DATASET EXTRACT section start

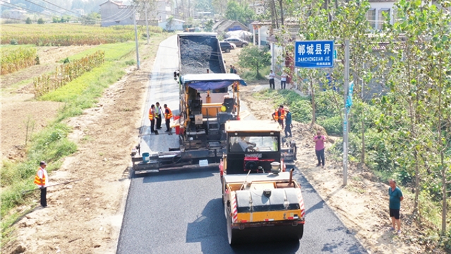 • 9月13日,記者在鄲城縣與淮陽(yáng)區(qū)重要連接通道張葛路(鄲城張完鄉(xiāng)至淮陽(yáng)葛店鄉(xiāng))搶修現(xiàn)場(chǎng)看到,經(jīng)過夜以繼日地前期搶修施工,目前正式進(jìn)入鋪油工序。待今年年底全線貫通后,鄲城縣張完鄉(xiāng)、汲水鄉(xiāng)、虎崗鄉(xiāng)、吳臺(tái)鎮(zhèn)、李樓鄉(xiāng)和淮陽(yáng)區(qū)葛店鎮(zhèn)沿線6個(gè)鄉(xiāng)鎮(zhèn)的數(shù)十萬居民將出行無憂,解除沿線數(shù)萬畝農(nóng)作物收割運(yùn)輸難題。
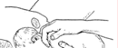 3 пальцами идем в область надплечья, переходим на плечо и давлением на локтевой сгиб извлекаем нижнюю ручку. Затем поворачиваем туловище на 90є, спинкой к лону,
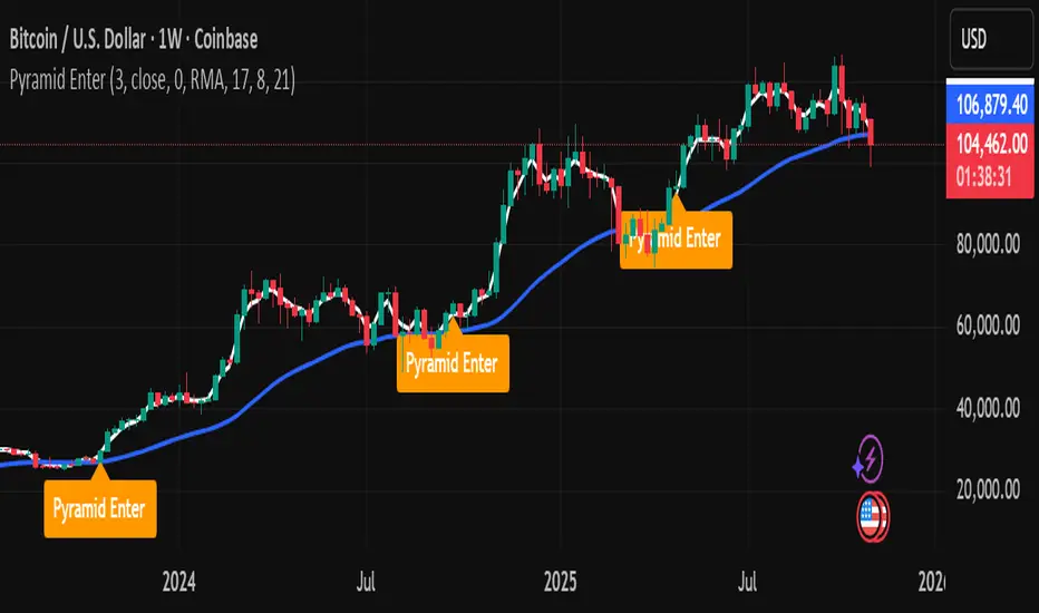 Pyramid Enter is a lightweight, educational visualization of additive entries (“pyramiding into strength”). It’s designed to help you study how layered entries might line up during persistent trends. This script does not execute orders, make predictions, or provide financial advice. It simply shows where entry candidates could appear under a simple crossover framework with an optional trend filter.

DATASET EXTRACT section end

**GOAL OF THE EXERCISE:** An exact repeat of all the data is required, pictures excluded.

**OUTPUT OF THE TASK:**
 • 9月13日,記者在鄲城縣與淮陽(yáng)區(qū)重要連接通道張葛路(鄲城張完鄉(xiāng)至淮陽(yáng)葛店鄉(xiāng))搶修現(xiàn)場(chǎng)看到,經(jīng)過夜以繼日地前期搶修施工,目前正式進(jìn)入鋪油工序。待今年年底全線貫通后,鄲城縣張完鄉(xiāng)、汲水鄉(xiāng)、虎崗鄉(xiāng)、吳臺(tái)鎮(zhèn)、李樓鄉(xiāng)和淮陽(yáng)區(qū)葛店鎮(zhèn)沿線6個(gè)鄉(xiāng)鎮(zhèn)的數(shù)十萬居民將出行無憂,解除沿線數(shù)萬畝農(nóng)作物收割運(yùn)輸難題。
 3 пальцами идем в область надплечья, переходим на плечо и давлением на локтевой сгиб извлекаем нижнюю ручку. Затем поворачиваем туловище на 90є, спинкой к лону,
 Pyramid Enter is a lightweight, educational visualization of additive entries (“pyramiding into strength”). It’s designed to help you study how layered entries might line up during persistent trends. This script does not execute orders, make predictions, or provide financial advice. It simply shows where entry candidates could appear under a simple crossover framework with an optional trend filter.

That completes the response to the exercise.